MATERIAL FOR THIS TASK Start Marker

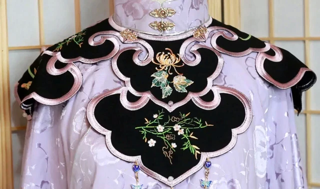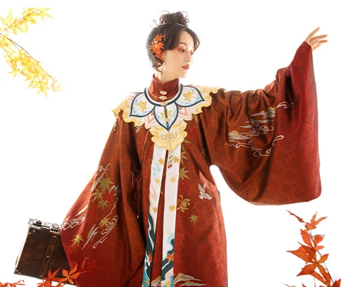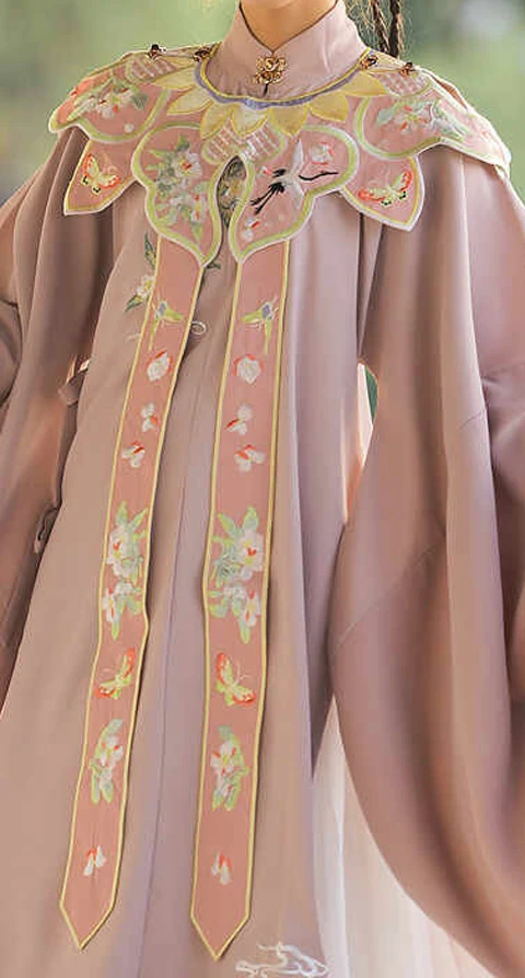 Yunjian (云肩), is considered to be one of hanfu's accessories. It is often matched with Ming Dynasty clothing, such as long tops (长袄) and folded skirts, known as mǎ miàn qún (马面裙).
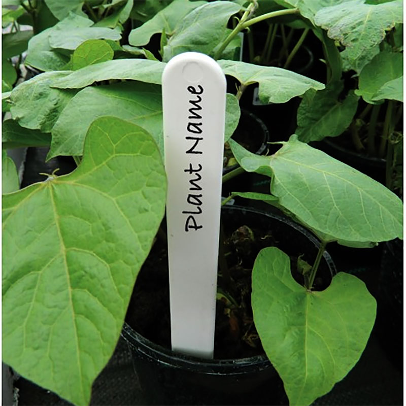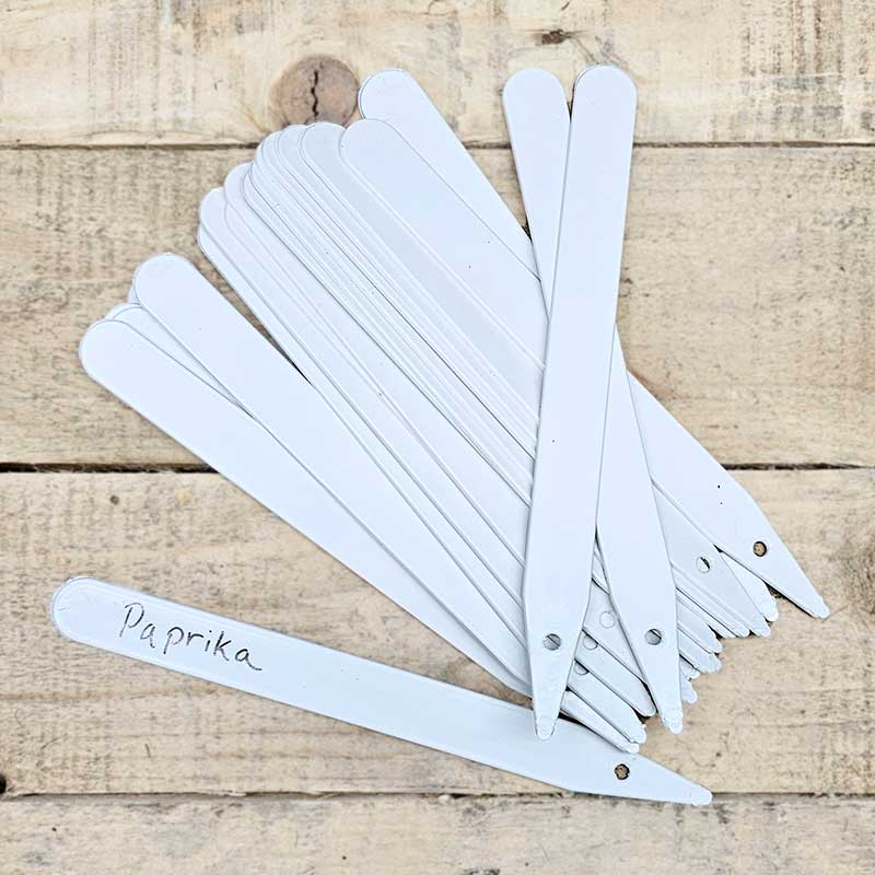 Vita plastetiketter som används för att skriva namn på frösådder och växter.
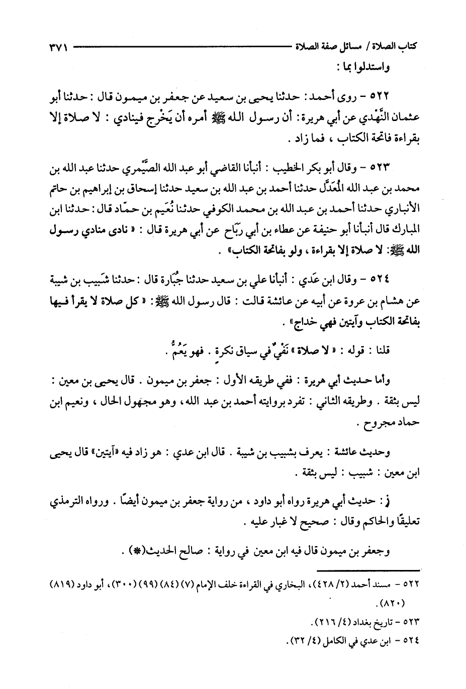 522 - روى أحمد : حدثنا يحيى بن سعيد عن جعفر بن ميمون قال : حدثنا أبو عثمان النهدي عن أبي هريرة : أن رسول الله أمره أن يخرج فينادي : لا صلاة إلا بقراءة فاتحة الكتاب ، فما زاد .
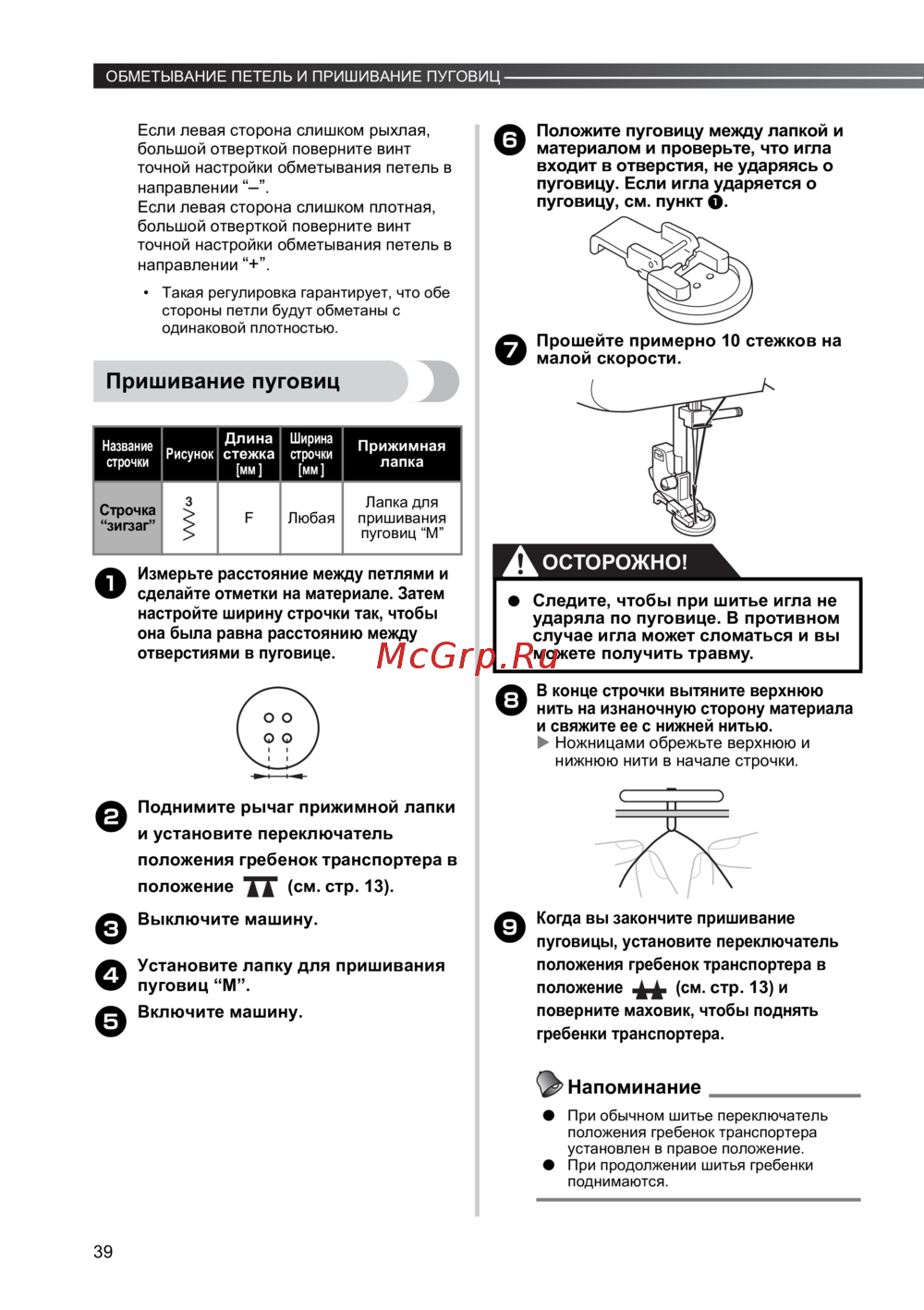 - Когда обметывание петли будет закончено остановите шитье p.38
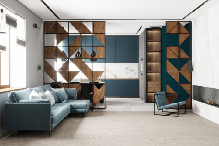 Концептуальный проект "Норвежский фьорд" выполнен в стиле минимализм. Сочетание текстур натурального камня и оттенков синего цвета отражает концепцию. Проект создавался для молодой креативной семьи.
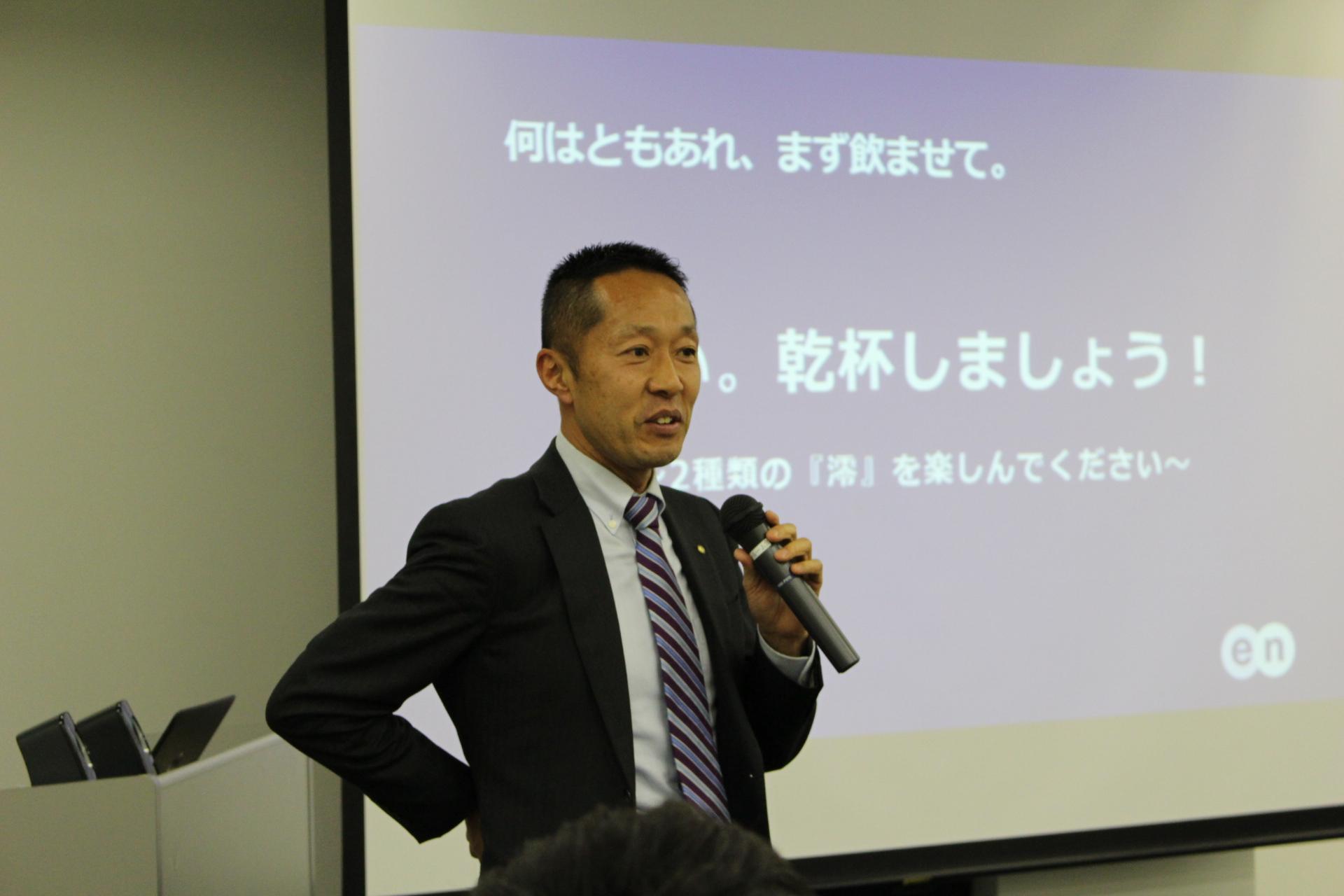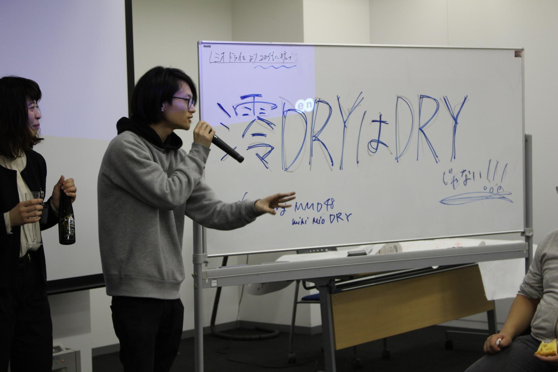 お酒が入っているからか、夜だからか、徐々にヒートアップしていく会場。新村さんへもどんどん質問が投げかけられます。そして時間は過ぎていき、いよいよプレゼンテーション!
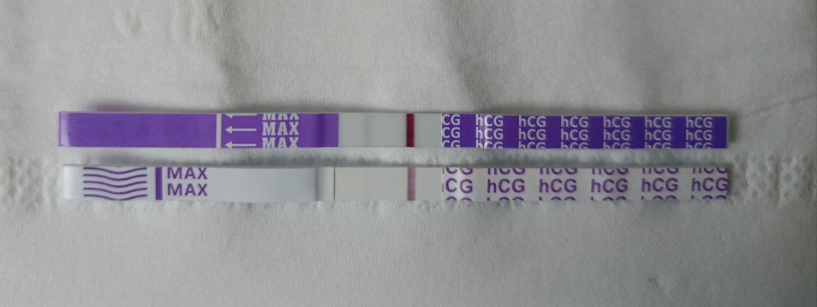 Ahoj, potřebovala bych poradit. Minuly cyklus jsem 3.-7. den brala clostylbegit. Pak jsme byla na měření folikulů,byly tam dva. Dalsi den 25.2. jsem si pichala Ovitrelle. 12.3. jsem to mela dostat a taky me bolelo břicho,zacala jsem tmave spinit.Tak jsem si říkala a je to tady. Dalsi dva dny jsem krvacela,bricho bolelo. V nedeli uz spineni. Začalo me ale pnout v prsou a celkove ta MS byla nejaka jiná. Jindy fakt trpim a jdou ze me i srazeniny. Tak mi to nedalo a včera večer jsem zkousela test. Posilam fotku. Dole je včerejší večer,nahore je dnesni test z rana.
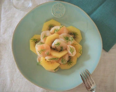 マリネドレッシングを混ぜ合わせておく。生サーモンは平らな皿に並べ、ドレッシング1/4を上からかけてマリネし、ラップをかけ冷蔵庫で冷やしておく。
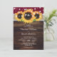 Den burgniga bröllopsinbjudan till blommigten som innehåller solblommor mot ett trä-, burlap- och snöre-bakgrund är perfekt för att bjuda in dina gäster till din burgunda, rustiska bröllopsfest som inspirerats av solblommor. Enkel att anpassa mallen.
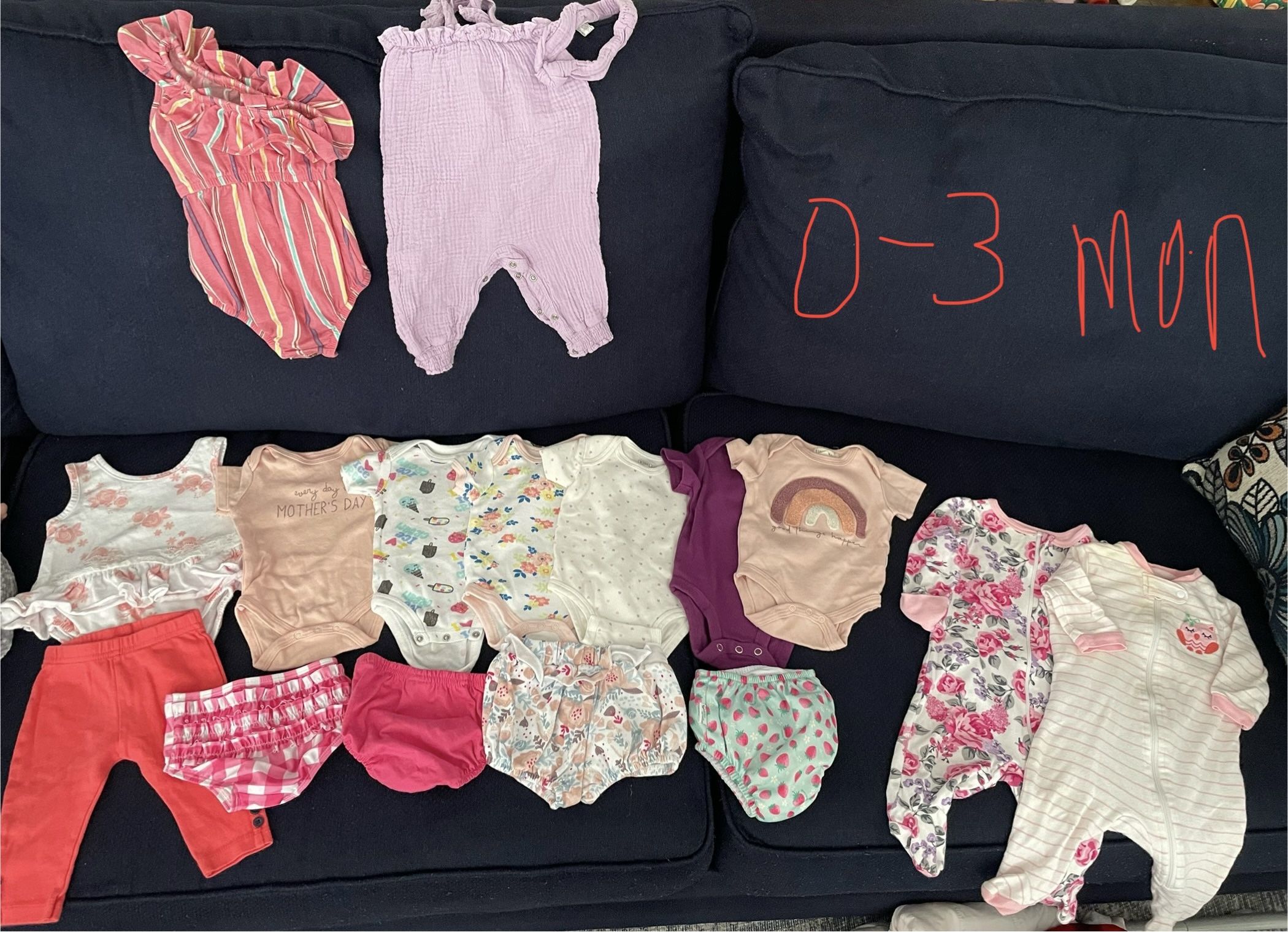 Look at all of the pictures but this comes with Nb-18 month clothing, shoes, socks, bibs, blankets, car seat cover, hooded towels . All in great condition.
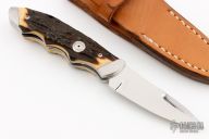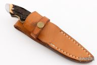 This Two Way Dagger by Kansei Matsuno features a mirror polished blade with false top edge, .156" blade stock, .946" blade depth. Unique liner lock convertible construction allows this dagger to change from a straight dagger to a push dagger. Beautiful, well-matched stag scales and polished stainless bolsters. Excellent work. Comes with brown leather sheath. Has a few very fine scratches, excellent condition.
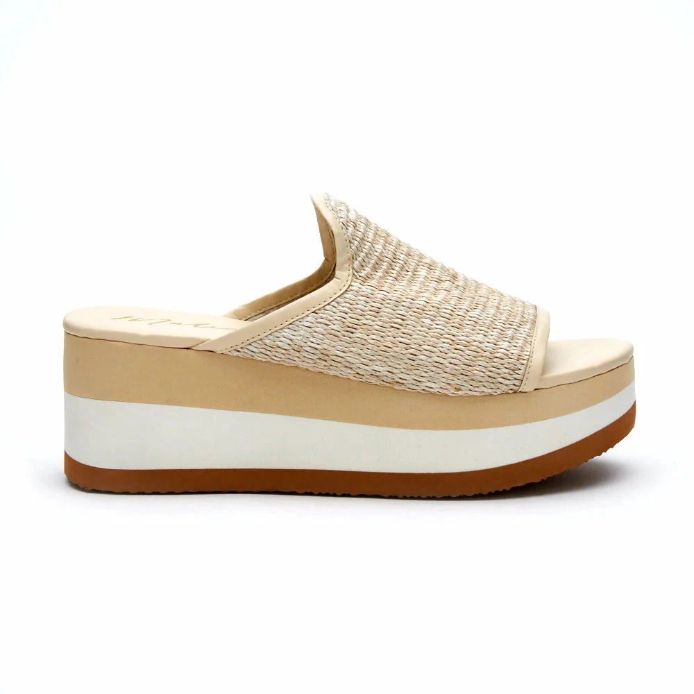 This wide strapped platform wedge is very chic yet has a sporty vibe. You can pair these trendy slides with everything! Love the neutral color and the ease of a slide on sandal.Â
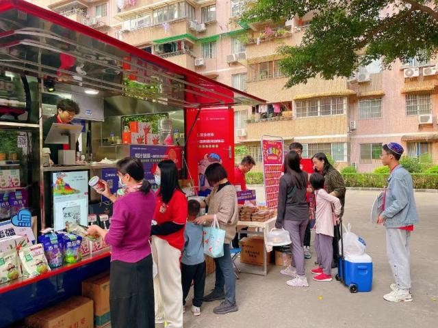 活动开始后,社区居民纷纷品尝现场美食,并挑选自己心仪的产品。对新疆产品给予了很高评价,尤其是新疆阿克苏冰糖心苹果、库尔勒香梨、纯牛奶、馕、烤包子等,新疆的阿克苏苹果果面光滑细腻、色泽光亮自然,皮薄肉厚、质地较密、味甜汁多,还有漂亮的糖心。活动当天,还为居民开启”预购通道“。
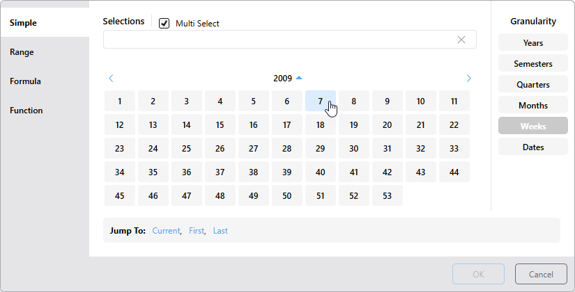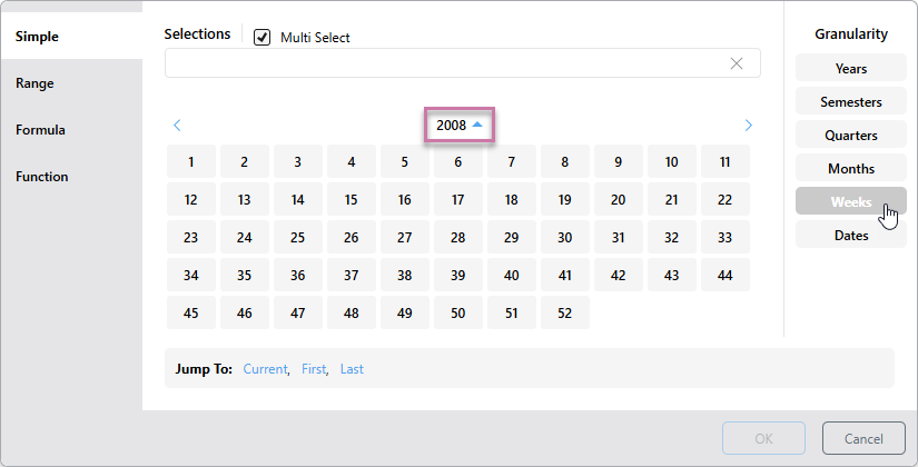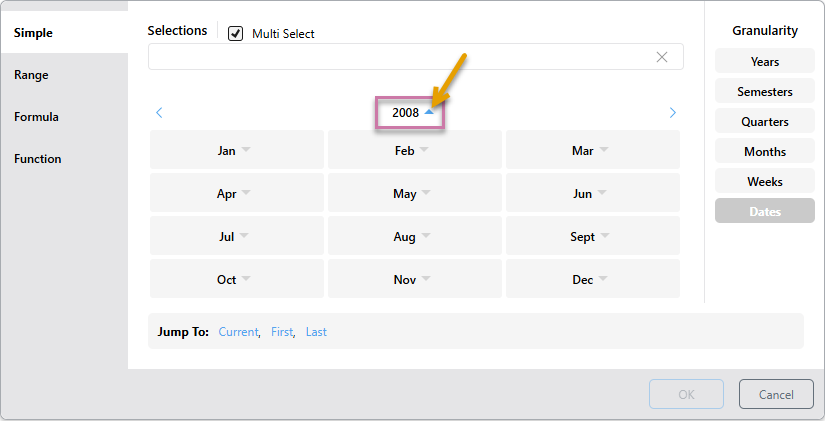 • Current: Depending on the given level of granularity, selects today's date (if it exists in the system) or the current year, semester, quarter, month, or week. If the current date-time period doesn't exist in the system, the last date-time period will be selected instead.

MATERIAL FOR THIS TASK End Marker

WORK TASK: Once you have returned the line containing "お酒が入っているからか、夜だ", stop; begin at the first line of the material, keep each line exact, and skip the pictures.

REPLY:
 Yunjian (云肩), is considered to be one of hanfu's accessories. It is often matched with Ming Dynasty clothing, such as long tops (长袄) and folded skirts, known as mǎ miàn qún (马面裙).
 Vita plastetiketter som används för att skriva namn på frösådder och växter.
 522 - روى أحمد : حدثنا يحيى بن سعيد عن جعفر بن ميمون قال : حدثنا أبو عثمان النهدي عن أبي هريرة : أن رسول الله أمره أن يخرج فينادي : لا صلاة إلا بقراءة فاتحة الكتاب ، فما زاد .
 - Когда обметывание петли будет закончено остановите шитье p.38
 Концептуальный проект "Норвежский фьорд" выполнен в стиле минимализм. Сочетание текстур натурального камня и оттенков синего цвета отражает концепцию. Проект создавался для молодой креативной семьи.
 お酒が入っているからか、夜だからか、徐々にヒートアップしていく会場。新村さんへもどんどん質問が投げかけられます。そして時間は過ぎていき、いよいよプレゼンテーション!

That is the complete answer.